Crop selection greatly affects economic performance of AD because of their diversity on terms of inputs, biomass yields and biogas potential. Our results reveal that triticale is the most economical energy crop for biogas production in northern Greece, followed by maize. The sensitivity analysis (Fig. 8) shows that the most impacting factor is the electricity price, followed by biogas potential, biomass yield and cultivation costs. Maize, although it has higher biomass yield and biogas potential than triticale, has higher production costs, mainly due to elevated irrigation requirements, resulting in lower economic and environmental benefits than triticale. For a 500 kWel biogas plant, the dry biomass yield per m3 of irrigation water amounts to 3.4 kg DM/m3 water (overall data not shown in “Results”). Considering the overall energy balance of energy-crop-based biogas production, maize displayed a slightly lower energy yield (input/output, MWh/MWh including direct and indirect energy consumption; Table 17) of 3.77, than triticale, which displayed a yield of 3.98 MWh/MWh (overall data not shown in “Results”). Production costs are closely related to cultivation requirements of the crops. From these observations, we conclude that energy crop selection for biogas production should be based on a favourable combination of high biomass yield, high biogas potential and low production costs.

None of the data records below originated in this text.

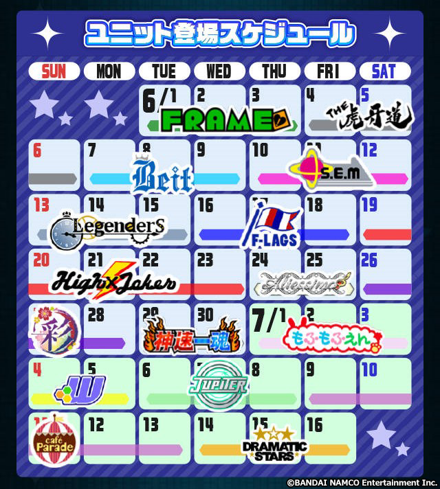 それぞれのユニットの皆さんが登場する期間中に全日ログインすると、登場ユニットのブロマイドが貰えます。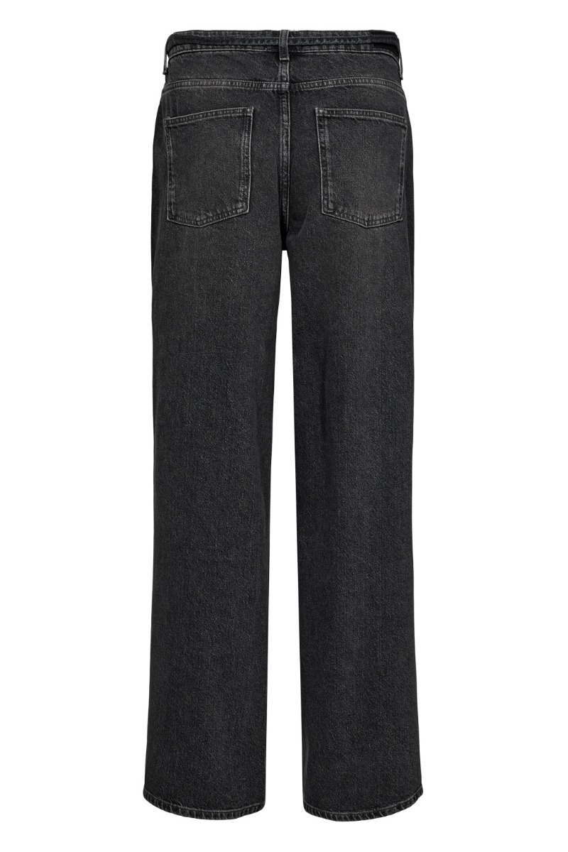 Bukser fra Nümph. Disse bukser har en flot pasform og falder pænt langs benene. Bukserne har en mørkegrå farve i denim. Style dem evt. til simple overdele til hverdag.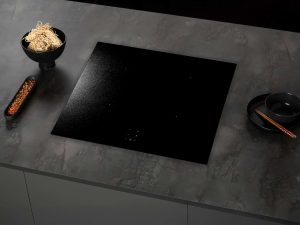 SIM3644MB60 cm bred induktionskogeplade med et elegant, matsort design og en keramisk glasoverflade med lige kanter.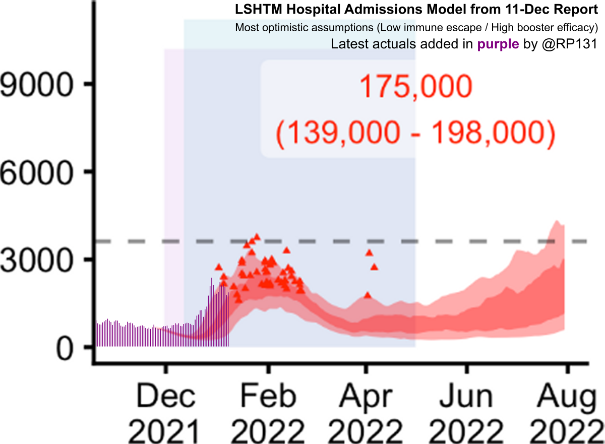 [25/28] The most optimistic models for Admissions / Deaths from the 11-Dec LSHTM report on potential consequences of Omicron, with latest actuals applied.

Besides the selection of the most appropriate energy crop, the inclusion of a greenhouse into the design of the biogas plant contributes favourably in the economic viability of the system (17–18%). In addition to thermal energy utilization for greenhouse heating, researchers suggested feeding CO2-rich flue gas from the CHP unit into the greenhouse to further increase vegetable productivity via enhanced photosynthesis (Jaffrin et al. 2003; Menardo et al. 2013). However, such an approach may raise practical concerns such as worker health and safety issues, along with the difficulty of cleaning and cooling the flue gas (Dion et al. 2011).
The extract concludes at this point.